WASHINGTON >> Senate Republicans unveiled a budget plan today that lays the groundwork for their effort to overhaul the nation’s tax system, the top legislative priority for President Donald Trump and the GOP.

House and Senate passage of the budget blueprint is required in order to allow Republicans to pass follow-on tax legislation this year. The ambitious tax plan would lower rates for businesses and individuals. Trump described it Friday as a “giant, beautiful, massive, the biggest ever in our country, tax cut.”

The Senate Budget Committee plans to vote on its plan next week.
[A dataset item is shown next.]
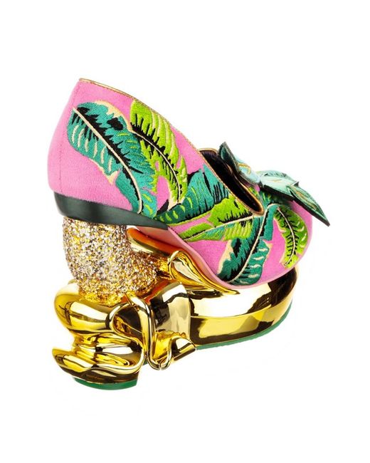 12cm high heels 4cm platform Slip on style Banana concept heel Fully lined Cushioned insole. Give your feet banana appeal with these incredible pink embroidered palm leaf high heels. Banana concept heel.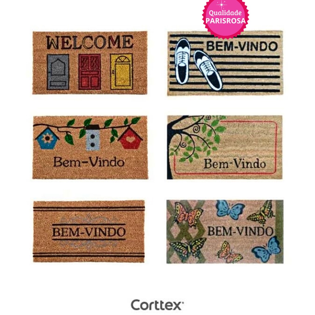 Tapete de Porta Capacho Vários Modelos Bem Vindo Fibra de Coco Tamanho 30cm x 60cm

A companion measure is headed for a House vote next week as well.

The new budget plan would permit the upcoming tax measure to add $1.5 trillion over the coming decade to the $20 trillion national debt.

The two-step process is the only way, under congressional rules, for the tax package to pass through the Senate without fear of Democrats blocking it with a filibuster. Republicans used the same process earlier this year in failed attempts to repeal the Affordable Care Act.

Without the budget passage, Senate Majority Leader Mitch McConnell of Kentucky said in a statement, “Democrats will continue to play partisan politics and obstruct our efforts to get our economy flourishing and growing at its full potential.”

More broadly, the Senate plan promises a balanced budget over the coming decade, but it relies on rosy projections of economic growth and spending cuts that Republicans have no plans to deliver. It would keep Pentagon spending mostly frozen at current levels, rather than the almost $90 billion increase demanded by GOP military hawks.

The budget also contains a provision that could allow the Senate to approve legislation opening up drilling in the Arctic National Wildlife Refuge. That’s a longtime goal for Republicans including Alaska Sen. Lisa Murkowski, a moderate whose vote will be needed on tax legislation.